In the event the Transaction does not successfully close or is otherwise terminated, OMAX shall be entitled to retain the cash payments placed into escrow in B.1 and B.2 above; provided, however, that in the event OMAX thereafter obtains a judgment against Flow in the litigation matter OMAX Corporation v Flow International Corp. (U.S. District Court, Western District of Washington, Case No. CV. 04-2334 RSL) (the “Litigation”), or Flow agrees to pay OMAX an amount to settle the Litigation, Flow shall receive a credit against any such judgment and/or settlement in an amount equal to fifty percent (50%) of the payment in B.1 above and one hundred percent (100%) of the payment in B.2 above.
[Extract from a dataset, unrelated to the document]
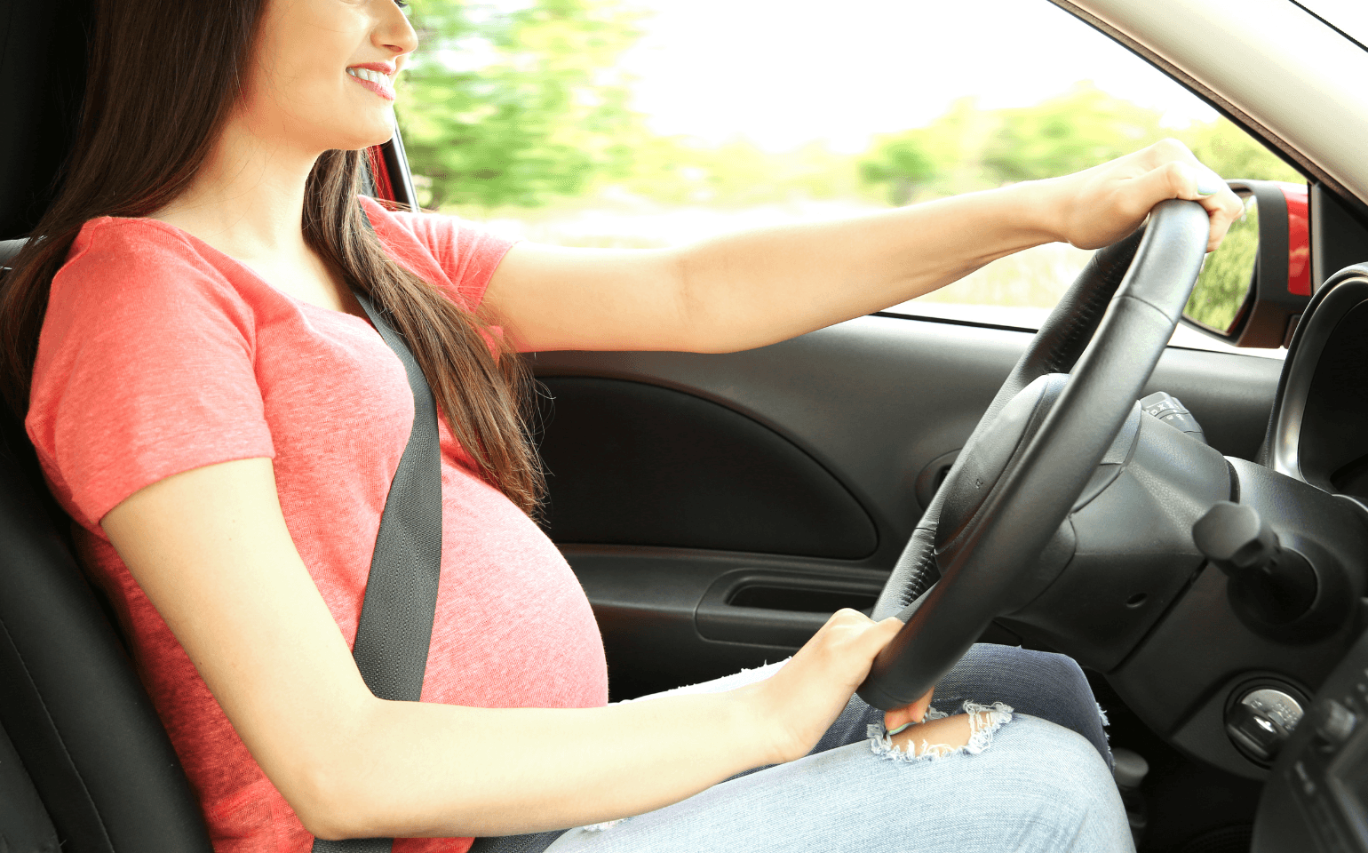 安全ベルトは緩めず、下腹部を避けて腰骨の位置で締めると負担が少なくなります。
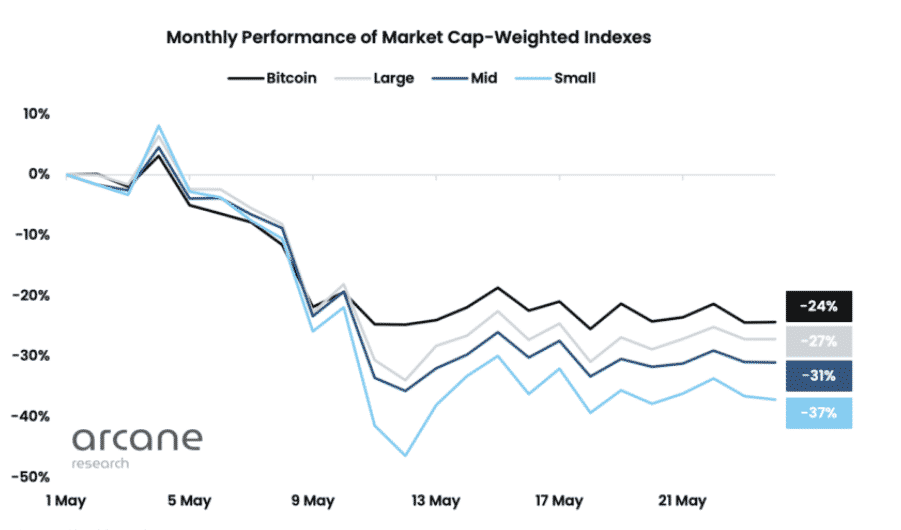 Za mesiac máj cena Bitcoinu klesla o 26 %, čo je obrovský pád. Ale indexy s malou, strednou a veľkou kapitalizáciou dopadli horšie. Index veľkej kapitalizácie klesol od začiatku mesiaca o 27 % a index strednej kapitalizácie klesol o 31 %. Index nízkej kapitalizácie zaznamenal najviac strát s 37 % poklesom od začiatku mesiaca.

Immediately prior to Closing and subject to paragraph C below, the amounts set forth in B.1 and B.2 above shall be returned to Flow for distribution to the shareholders of OMAX.

C. Escrow

At Closing, $7,000,000, composed of the same percentages of cash and of Flow common stock as the composition of the Consideration in paragraphs B.1, B.2, B.3 and B.4 above, will be withheld and placed into an escrow account (the “General Escrow”). Flow will be entitled to be indemnified from the General Escrow in the event of a breach or breaches by OMAX of any of its representations, warranties or covenants in the Definitive Agreements to the extent that such breach or breaches, individually or in the aggregate, result in claims in excess of $1,000,000. Promptly following July 31, 2009, all remaining amounts in the General Escrow, not subject to claims for indemnification will be delivered to the Company’s shareholders. The General Escrow shall be Flow’s sole remedy for breaches of the Definitive Agreements other than for claims subject to the Special Escrow described below and other than for claims based on fraud or intentional misrepresentation or omission, and breaches related to tax, authority, ownership and similar matters.

At Closing, an additional $6,200,000, subject to reduction under conditions to be specified in the Definitive Agreements, composed of the same percentages of cash and of Flow common stock as the composition of the Consideration in paragraphs B.1, B.2, B.3 and B.4 above, will be withheld and placed into a separate escrow account (the “Special Escrow”). Flow


will be entitled to be indemnified from the Special Escrow with respect to certain potential liabilities identified during the course of due diligence. Promptly following the second anniversary of Closing, all remaining amounts in the Special Escrow, not subject to claims for indemnification will be delivered to the Company’s shareholders.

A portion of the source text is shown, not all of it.